Name: Christian Cowley

Age: 49

Occupation: executive-director, CEED Centre Society

Website: christiancowley.ca

Q1. What have you personally achieved, or what initiative have you personally led in recent years that qualifies you to be elected or re-elected as a Maple Ridge councillor?

1: I have a MBA and am financially literate. I initiated numerous community development activities as the CEED Centre’s executive-director for the past seven years. Most importantly, I forge partnerships between key groups that get things done in this community. I lead the Wednesday community discussions in Port Haney that prompted council to fund the neighbourhood change initiative. I set up the Maple Ridge-Pitt Meadows environmental council, which is holding senior governments accountable for protecting the Alouette watershed. I helped formulate the municipal agriculture plan as vice-chair. I started the Aldridge Acres Connex school farm and played key roles in developing the school neighbourhood gardens.

Q2. Provide two examples of council’s actions over the past three years and explain why or why not you support them.

2. Council has taken at least three steps to revitalize downtown that I applaud. It purchased 14 unsightly properties in the core for resale as a single development. This has a good chance of stimulating attractive development in the right place – downtown.

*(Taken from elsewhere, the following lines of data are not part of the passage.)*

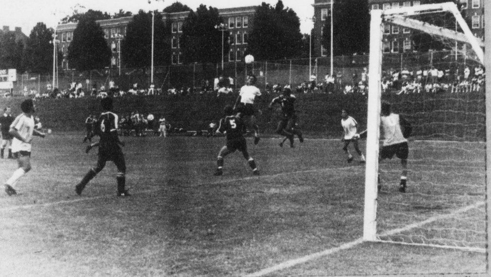
UNCG was just ahead above Guilford in season opener.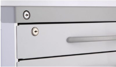
MAYA-CSLOCK Controlled Substance Key Lock for MayaCart Top Drawer ***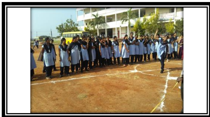
Figure 4 Shot Put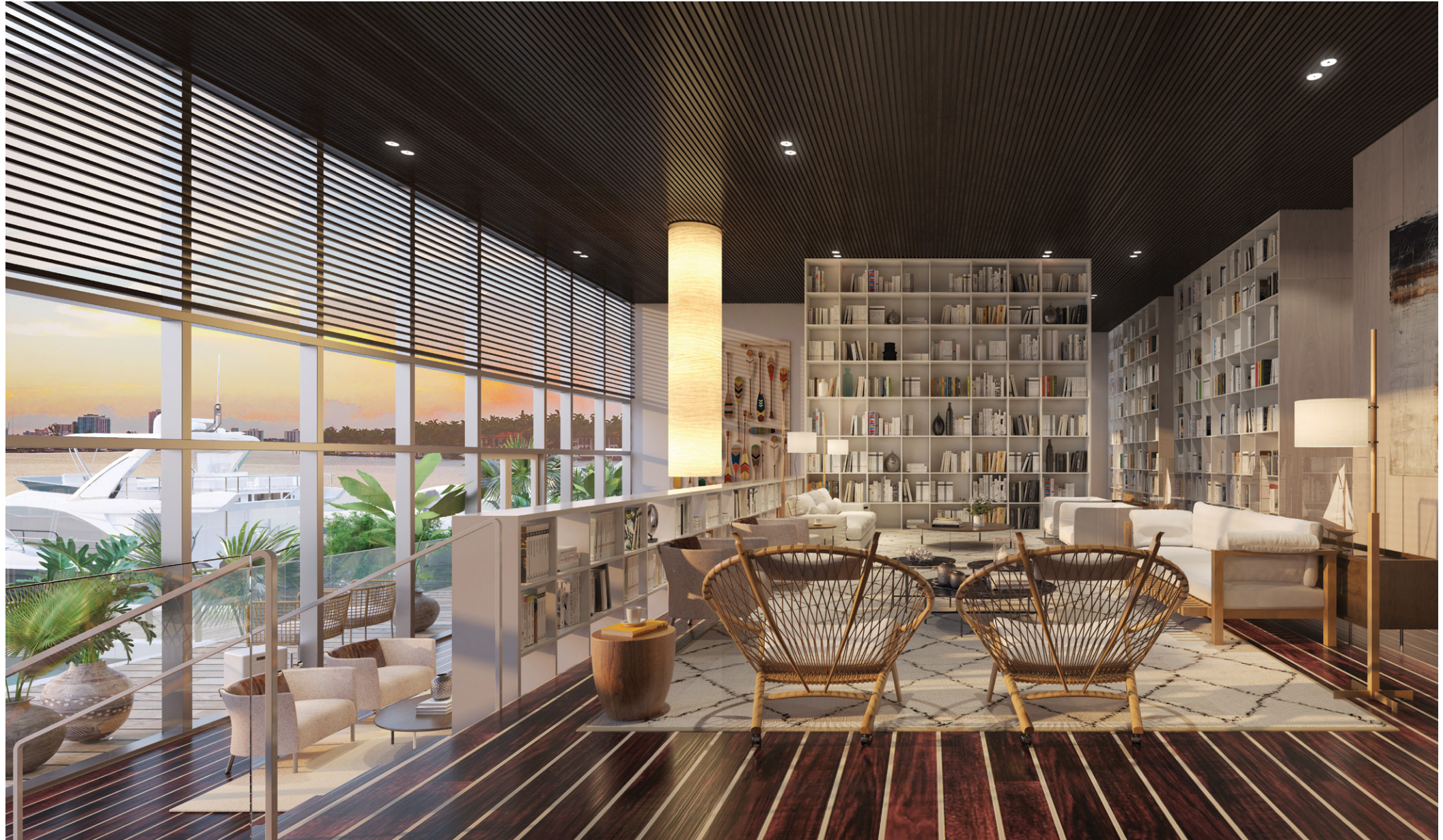
Floor-to-ceiling windows in the double-height lobby frame sweeping views of the Intracoastal and private marina.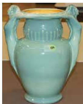
#249 Light Green Nude vase (hairline), $325.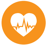
An Exceptional Quality of Life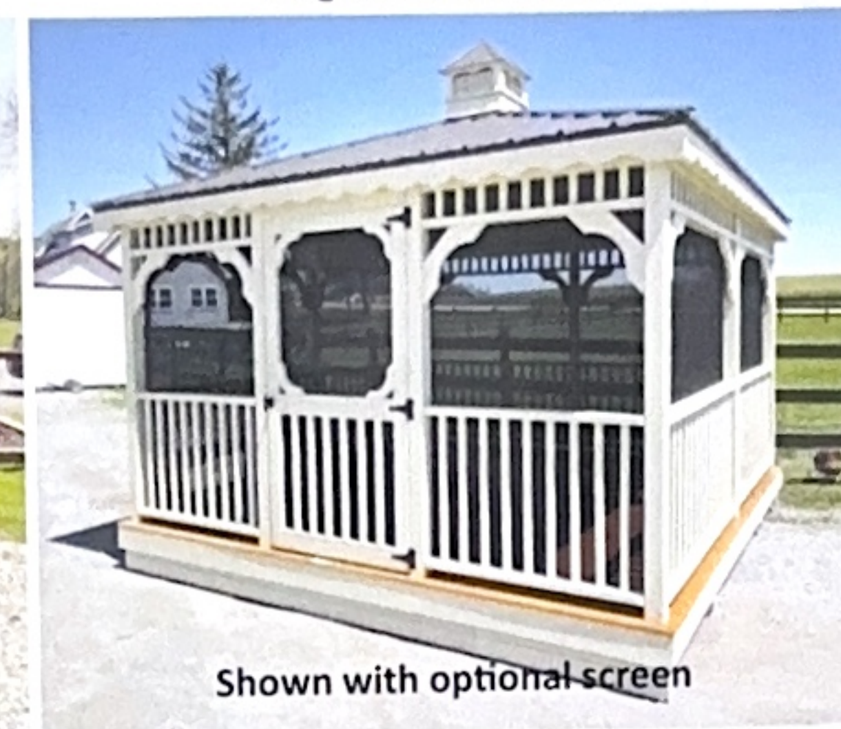
Shown with optional screen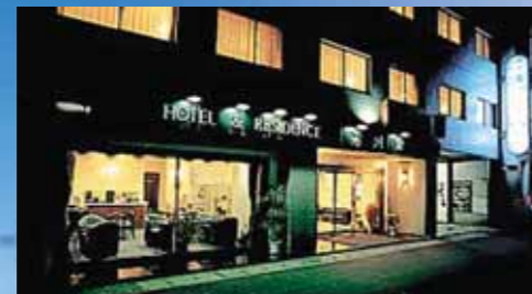
Be located in the center of the city & the main area of sightseeing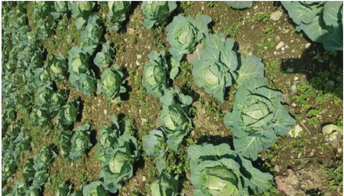
Organic cabbage in the marginal land of Sajong, East Sikkim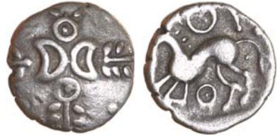
9. Crescent Corn Ears. 12mm. 1.15g. ABC 1591. Good VF, bold crescents. SCARCE. £200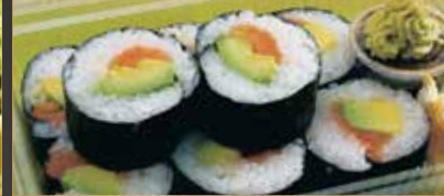
Fresh Salmon Double Avocado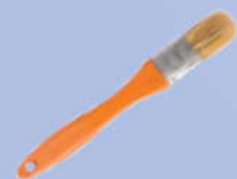
Bus bar brush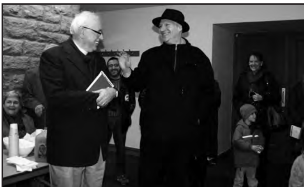
Annual Chanukah Sholom Center Interfaith Lighting, 2015

It implemented an incentive package for SmartGrowth-compliant developments. And it financed the Port Haney Neighbourhood Change Initiative to rebuild the community from within, a principle critical to success.

I deplore council’s waste of $180,000 of taxpayer money for the Albion flats consultation, when it ignored the recommendations stemming from the process, and its frequent amendments of the OCP for housing outside the urban boundary, which only increases our taxes, decreases livability and make us more car-dependent with all the attendant ills of traffic jams, schools in the wrong places, and poorly accessible shopping.

Q3. Do you support the 13-per-cent increase (over three years) in councillor’s salaries approved last summer? Why or why not? Explain what you would do if elected.

3. No, I do not support a 13-per-cent increase in councillor salaries. That is out of step with the state of the economy and increases available to workers, public and private. I would support increases indexed to inflation. I would rather have a citizen’s panel set the wages for all political offices – a panel randomly selected from the voters list. I would put this forward as a motion if elected.